• **Task brief**
A verbatim copy of all the data is required, minus any images.

--- Task input ---

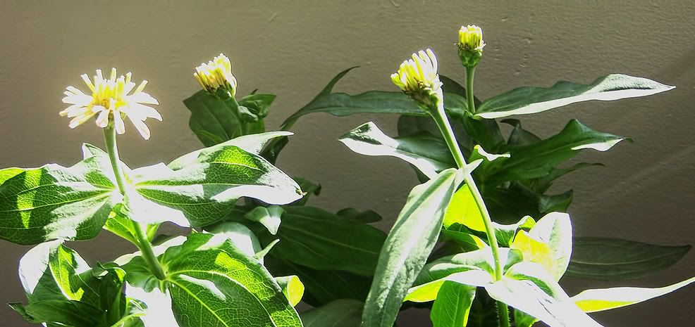 I took a few zinnia cuttings this Fall and they were pretty much wiped out by Spider Mites as soon as I got them inside. I wasn't expecting that or prepared for that. None of the insecticides I had on hand were effective against the spider mites. Actually Spider Mites aren't even insects, they are 8-legged mites and you need a miticide for them. I am going to purchase some stuff to deal with spider mites, because I assume I will continue to have problems with them. The systemic Imidacloprid that I have gives good protection from thrips and aphids, but was totally ineffective against the Spider Mites. The mites are going to be a challenge for me this Winter, and I will give ongoing reports about that. I see a zinnia seedling with no chlorophyll every now and then. I suppose I could keep one going by giving it foliar feedings that includes sugar, but I just consider it a lethal mutation and let nature take its course. There is a lot of genetic recombination going on in my zinnias, and I strongly suspect that some of my apparent good zinnias seeds that failed to germinate did so because of lethal genetic defects. More later. Keep us informed about your indoor zinnias. Zinnias are easy to grow outdoors, but growing them indoors involves a lot of possible problems. When you overcome those problems, you can have some satisfying results. ZM |
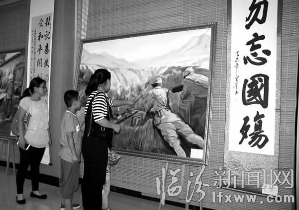 在蒲县举办的“纪念抗日战争胜利70周年暨第四届‘段云书画奖’书画展”上,众多观众前来观看画展。张鹏摄
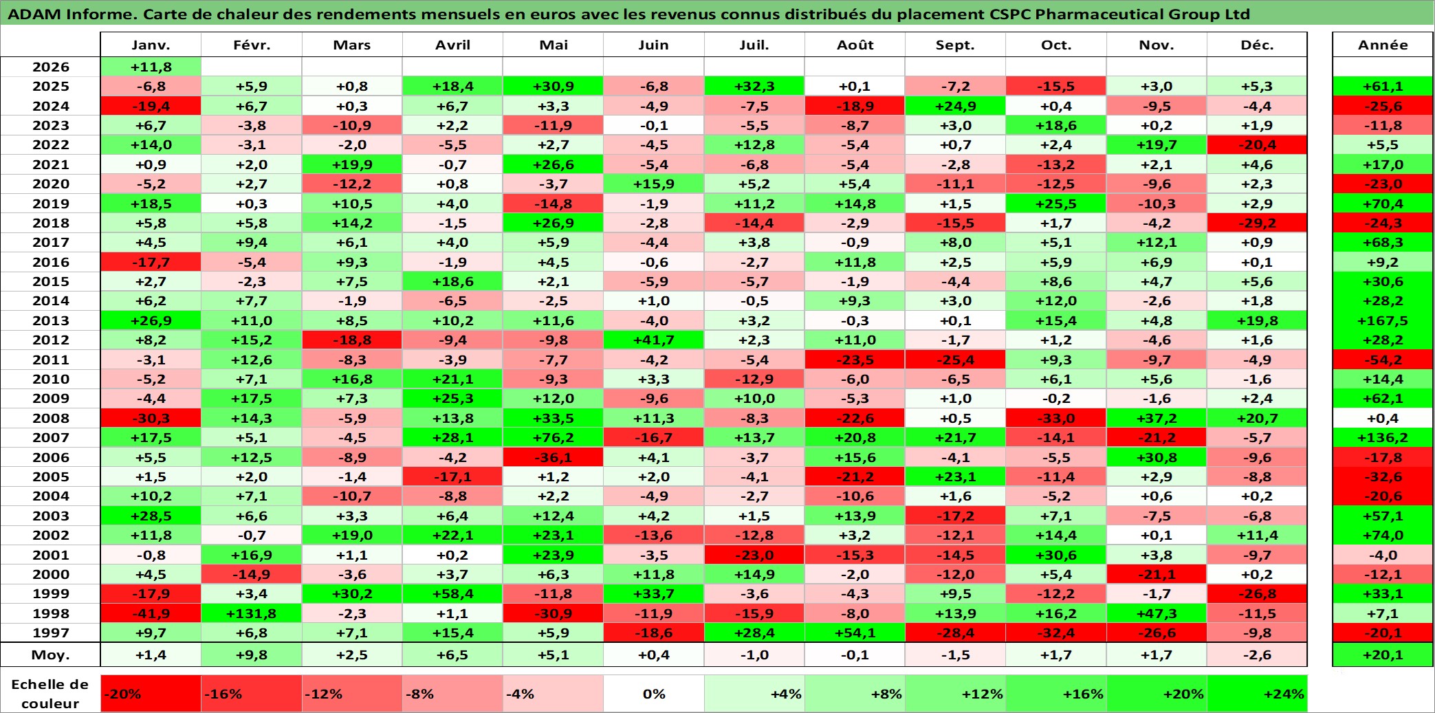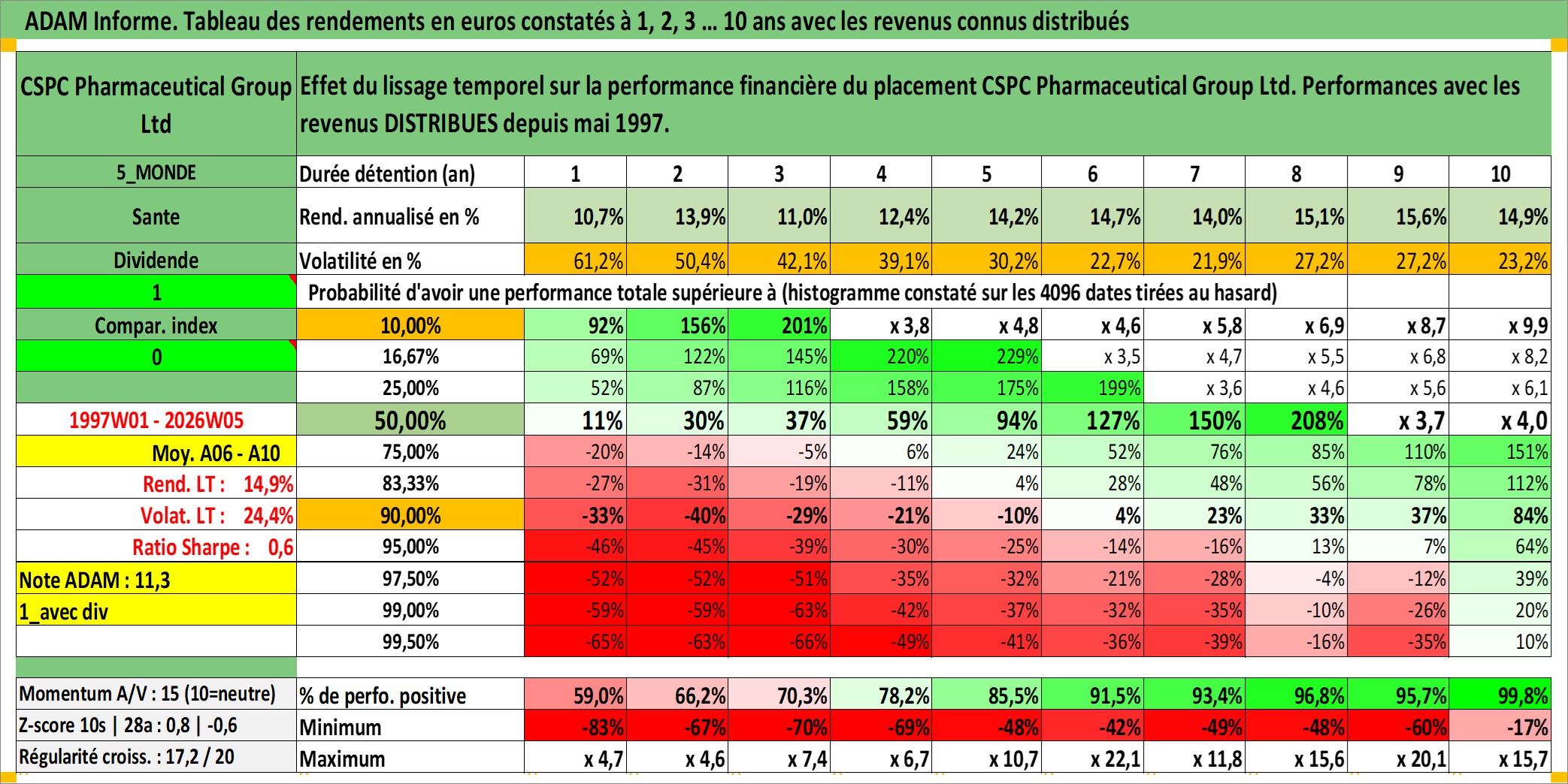 Site dédié aux investisseursPage dédiée sur site financeAnalyse des valorisations hebdomadaires de l'action CSPC Pharmaceutical Group Ltd. Cet actif est cote en HKD. Les valorisations sont en contrevaleur EURO et couvrent les semaines 1997W01 a 2026W05. Les revenus de cet actif financier sont pris en compte depuis la semaine 1997W22. La note globale ESG de cet actif est estimee a 4.0 (apres rebasage entre 0 et 20).
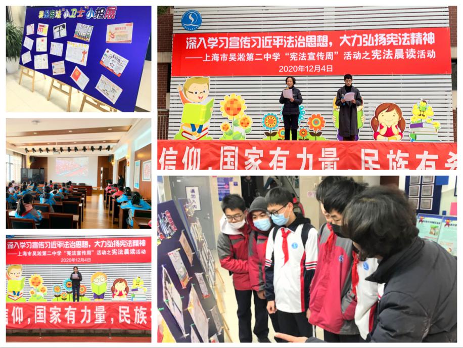 宪法晨读与宣传:12月4日是第七个国家宪法日,学校隆重举行主题升旗仪式并进行“宪法晨读”活动。学校政史地教研组组长、道德与法治高级教师为大家讲解宪法修正过程、宪法的最高效力以及宪法宣传日的由来。党支部书记、校长带领组内道德与法治老师孙浩杰为大家宣读宪法并进行一定的解读。在这个特殊的日子里,全校师生共同领悟学习宪法、尊重宪法、宪法至上、用宪法维护人民权益的重要性。
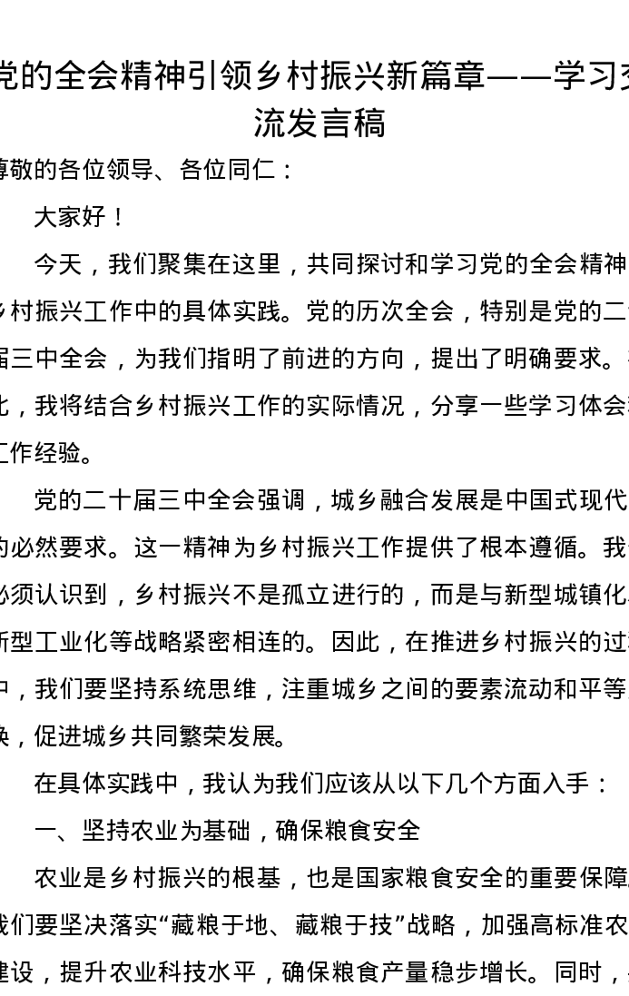 党的全会精神引领乡村振兴新篇章——学习交流发言稿
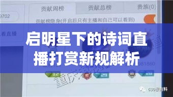 随着互联网的普及和直播行业的飞速发展,诗词直播打赏成为了一种新兴的文化消费方式,启明星作为引领行业风向的标杆,其诗词直播打赏新规的出台,对于规范行业行为、维护文化市场秩序具有重要意义,本文将详细介绍启明星诗词直播打赏的最新规定。

---

• **Result of this exercise**
 I took a few zinnia cuttings this Fall and they were pretty much wiped out by Spider Mites as soon as I got them inside. I wasn't expecting that or prepared for that. None of the insecticides I had on hand were effective against the spider mites. Actually Spider Mites aren't even insects, they are 8-legged mites and you need a miticide for them. I am going to purchase some stuff to deal with spider mites, because I assume I will continue to have problems with them. The systemic Imidacloprid that I have gives good protection from thrips and aphids, but was totally ineffective against the Spider Mites. The mites are going to be a challenge for me this Winter, and I will give ongoing reports about that. I see a zinnia seedling with no chlorophyll every now and then. I suppose I could keep one going by giving it foliar feedings that includes sugar, but I just consider it a lethal mutation and let nature take its course. There is a lot of genetic recombination going on in my zinnias, and I strongly suspect that some of my apparent good zinnias seeds that failed to germinate did so because of lethal genetic defects. More later. Keep us informed about your indoor zinnias. Zinnias are easy to grow outdoors, but growing them indoors involves a lot of possible problems. When you overcome those problems, you can have some satisfying results. ZM |
 在蒲县举办的“纪念抗日战争胜利70周年暨第四届‘段云书画奖’书画展”上,众多观众前来观看画展。张鹏摄
 Site dédié aux investisseursPage dédiée sur site financeAnalyse des valorisations hebdomadaires de l'action CSPC Pharmaceutical Group Ltd. Cet actif est cote en HKD. Les valorisations sont en contrevaleur EURO et couvrent les semaines 1997W01 a 2026W05. Les revenus de cet actif financier sont pris en compte depuis la semaine 1997W22. La note globale ESG de cet actif est estimee a 4.0 (apres rebasage entre 0 et 20).
 宪法晨读与宣传:12月4日是第七个国家宪法日,学校隆重举行主题升旗仪式并进行“宪法晨读”活动。学校政史地教研组组长、道德与法治高级教师为大家讲解宪法修正过程、宪法的最高效力以及宪法宣传日的由来。党支部书记、校长带领组内道德与法治老师孙浩杰为大家宣读宪法并进行一定的解读。在这个特殊的日子里,全校师生共同领悟学习宪法、尊重宪法、宪法至上、用宪法维护人民权益的重要性。
 党的全会精神引领乡村振兴新篇章——学习交流发言稿
 随着互联网的普及和直播行业的飞速发展,诗词直播打赏成为了一种新兴的文化消费方式,启明星作为引领行业风向的标杆,其诗词直播打赏新规的出台,对于规范行业行为、维护文化市场秩序具有重要意义,本文将详细介绍启明星诗词直播打赏的最新规定。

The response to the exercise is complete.